# Wood Filler Suggestions for Outdoor Elements-(Waterproof!)



## HandyDave (Feb 16, 2010)

While replacing a window I found that some of the wood siding that butts up against the window is rotten. Any recommendations on what to use to repair the damaged wood before I put the trim back on?

I see Minwax has a 2 part wood putty that is like 12 bucks at my local Home Depot...

Back in the days when i did auto repair.. I used lots of bondo on old cars... Almost tempted to see if this works as it comes in gallons... and hardens fast...

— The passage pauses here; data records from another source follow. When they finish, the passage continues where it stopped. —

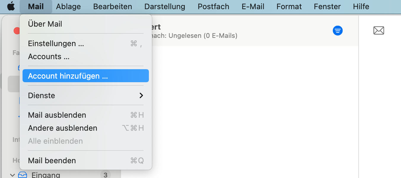Wenn noch kein Konto in Mac Mail vorhanden ist, steigen Sie direkt beim 2. Schritt ein.
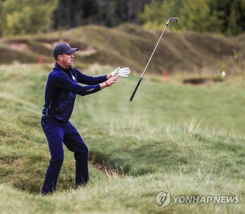 epa09480540 US team member Justin Thomas catches his club as it is tossed by his caddie on the fifth hole during practice for the pandemic-delayed 2020 Ryder Cup golf tournament at the Whistling Straits golf course in Kohler, Wisconsin, USA, 21 September 2021. Competition for the 43rd Ryder Cup between the US and Europe begins 24 September 2021. EPA/TANNEN MAURY
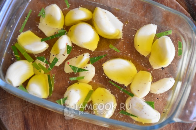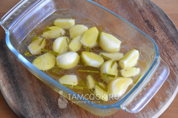 Выложить чеснок в форму для запекания, залить белым сухим вином, сбрызнуть оливковым маслом, посолить и поперчить по вкусу, добавить лавровый лист.
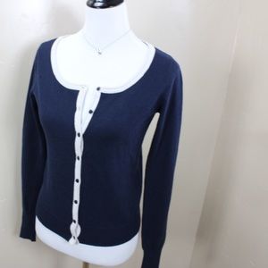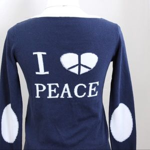 Cute little navy cardigan Sweater with white peace message on back. No size tag. Measures a small. Model is 34/28/36. The trim is outlined in metallic silver blended with white. From a French designer, Camieau. Interior has extra button attached to materials tag: viscose, polymide, cotton, 1% poly blend. Flaw- upper breast area- raised bunched area. Very small. You can feel it more than see it. Great condition otherwise showing regular wear use.20" L, 16.5" pit to pit, 24.5" uncuffed sleeves.
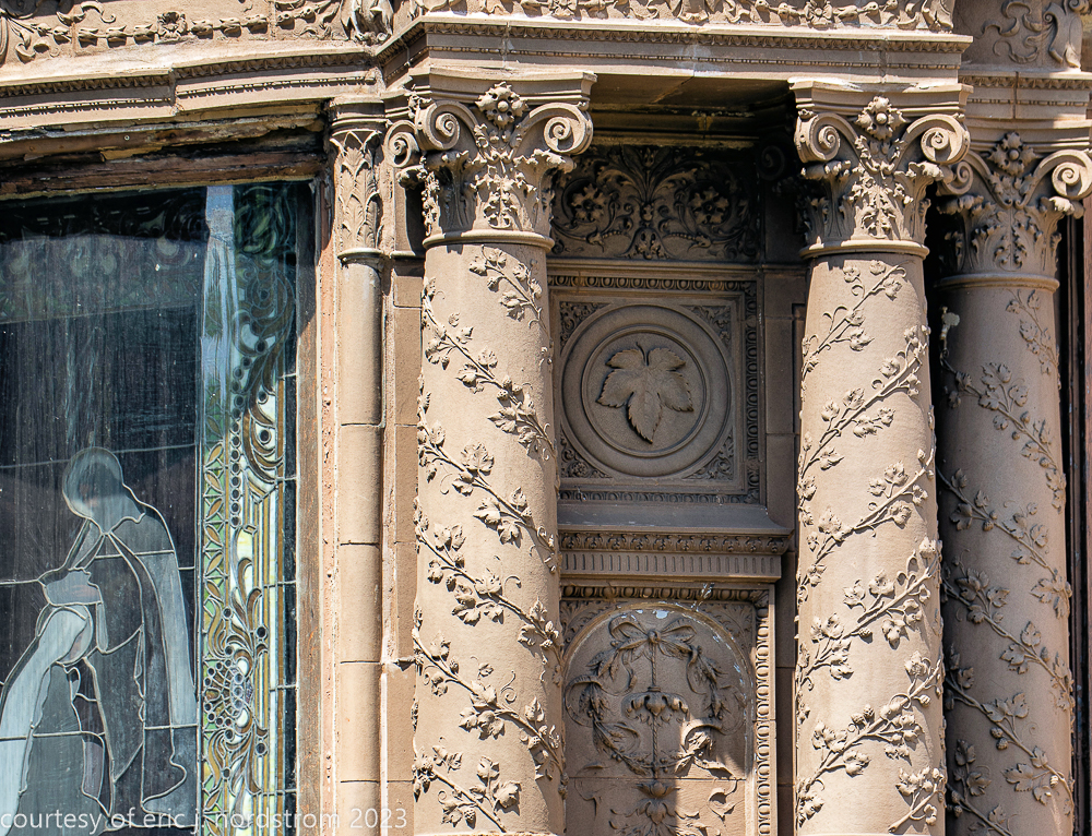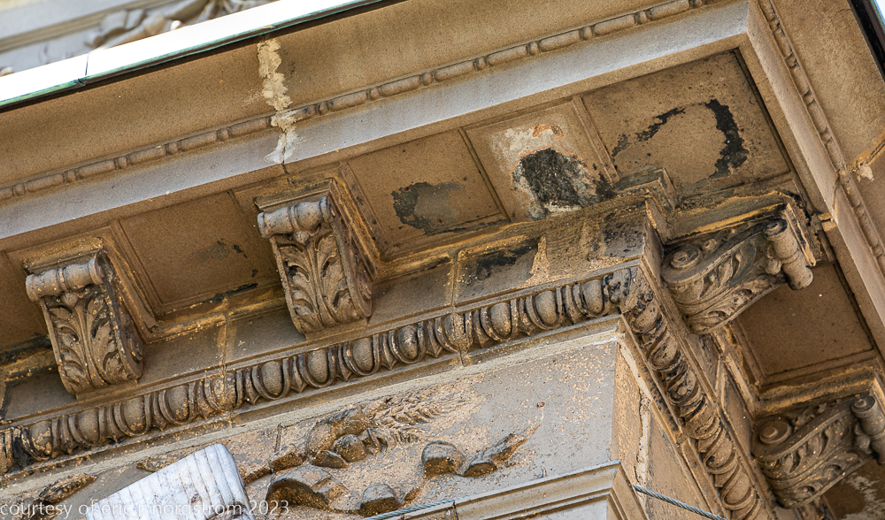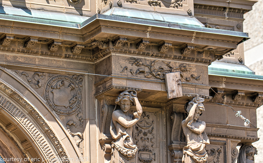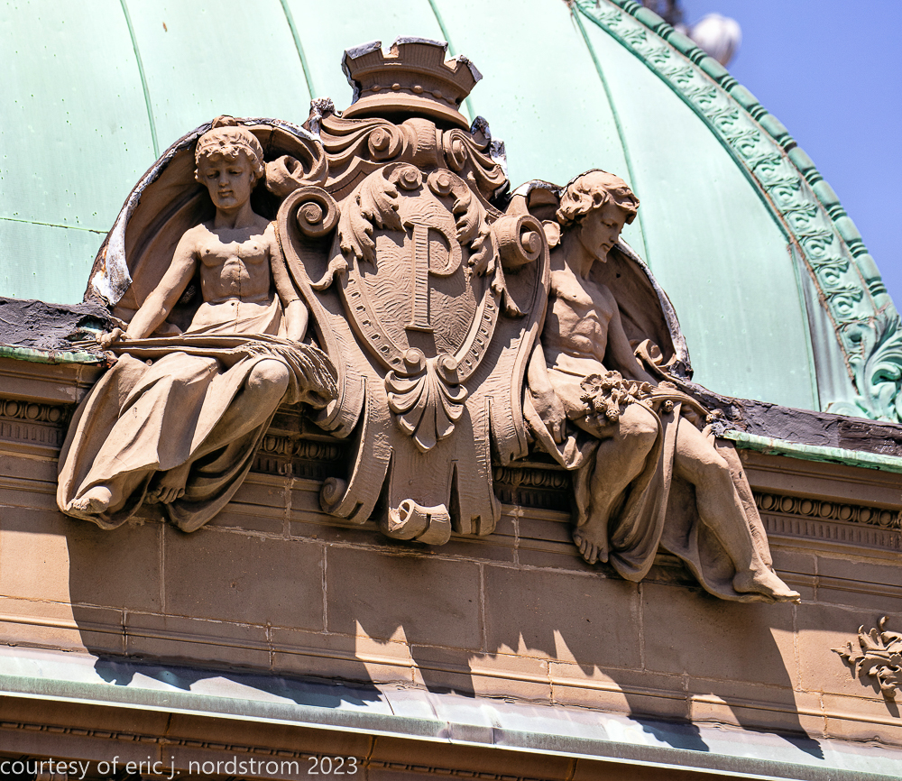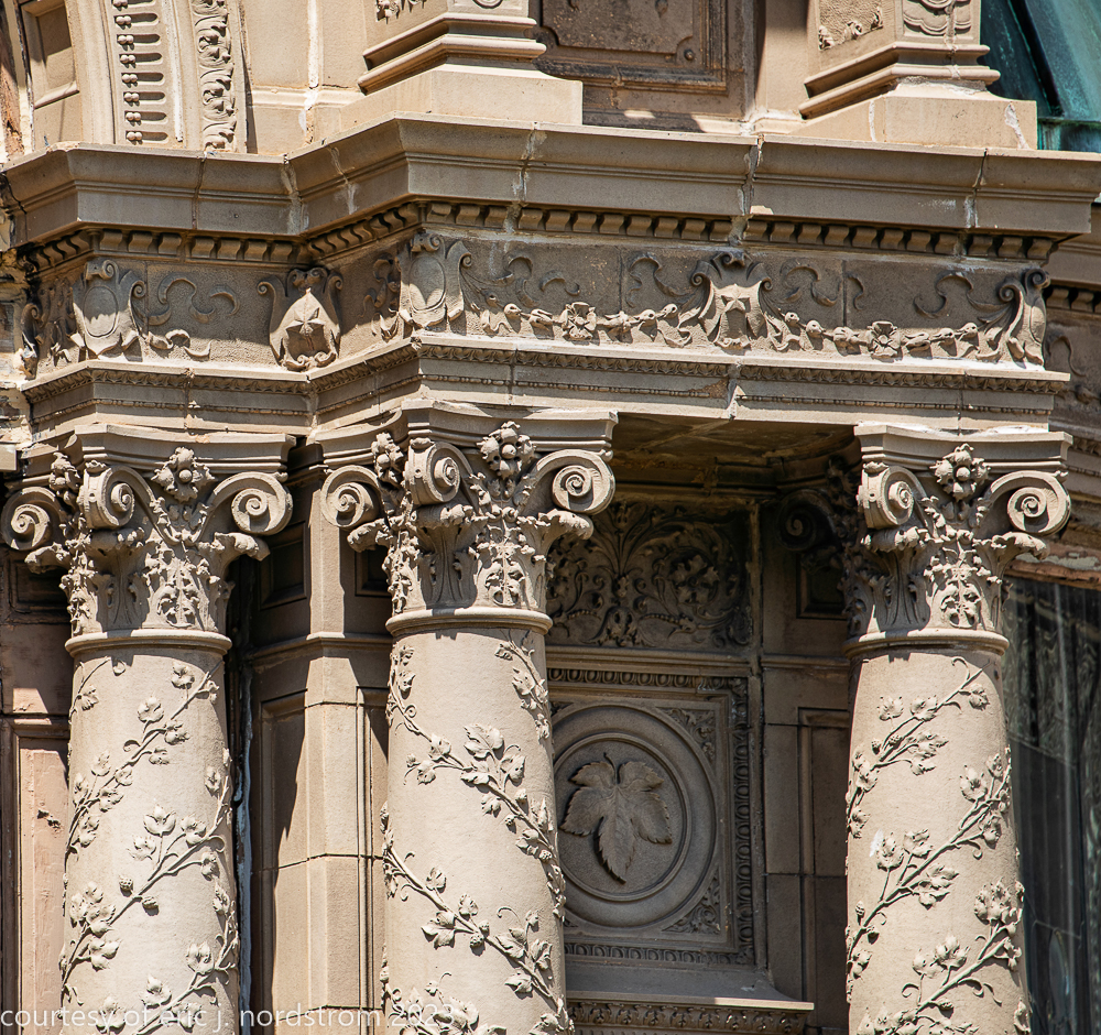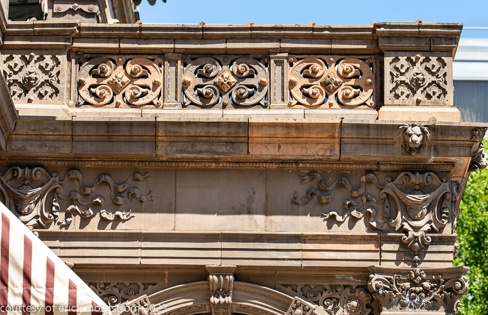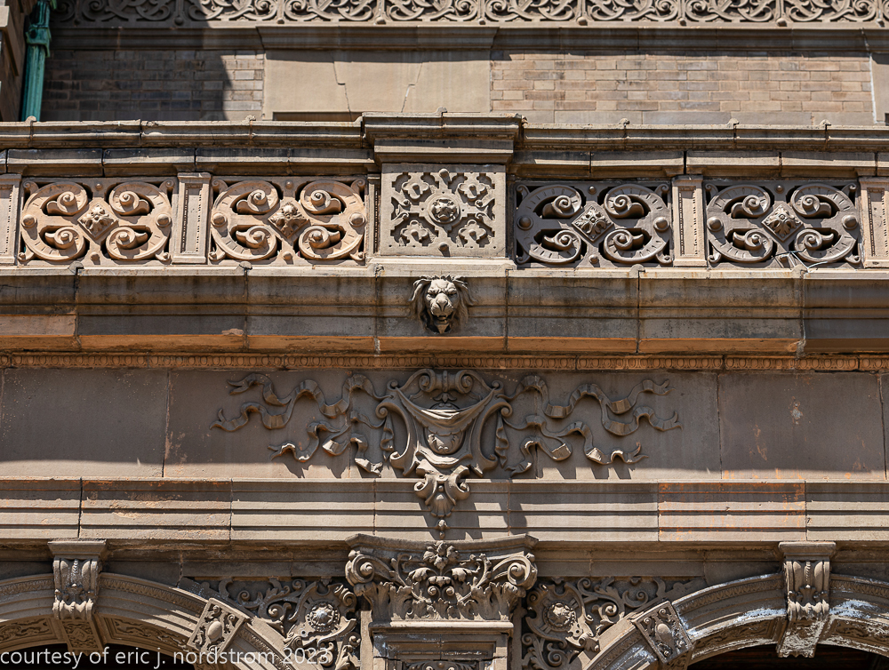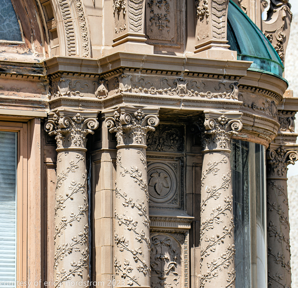 the exterior buff-colored ornamental terra cotta ornament on the flemish renaissance revival-styled frederick mansion (george ferry, architect, 1892) is in need of serious repair (see images below). restoration of the adjoining 1893 world’s fair pabst beer pavilion (designed by architect otto strack, who also designed the extant pabst theater), is underway, with the boston terra cotta company replicating and replacing the structure’s original terra cotta that was executed by the northwestern terra cotta company, chicago, ills. further information will be provided when time permits.

Fiberglass Resin, by chance??

suggestions


----------



## Ron6519 (Mar 28, 2007)

The wood filler solution will be a short term solution. You can use an epoxy type filler or the Minwax 2 part filler, which essentially is like bondo.
In the Spring, I would replace the damaged sections.
Ron


----------



## Big Bob (Jul 27, 2007)

Bondo works great for this... may be cheaper and size you need at an auto supply store.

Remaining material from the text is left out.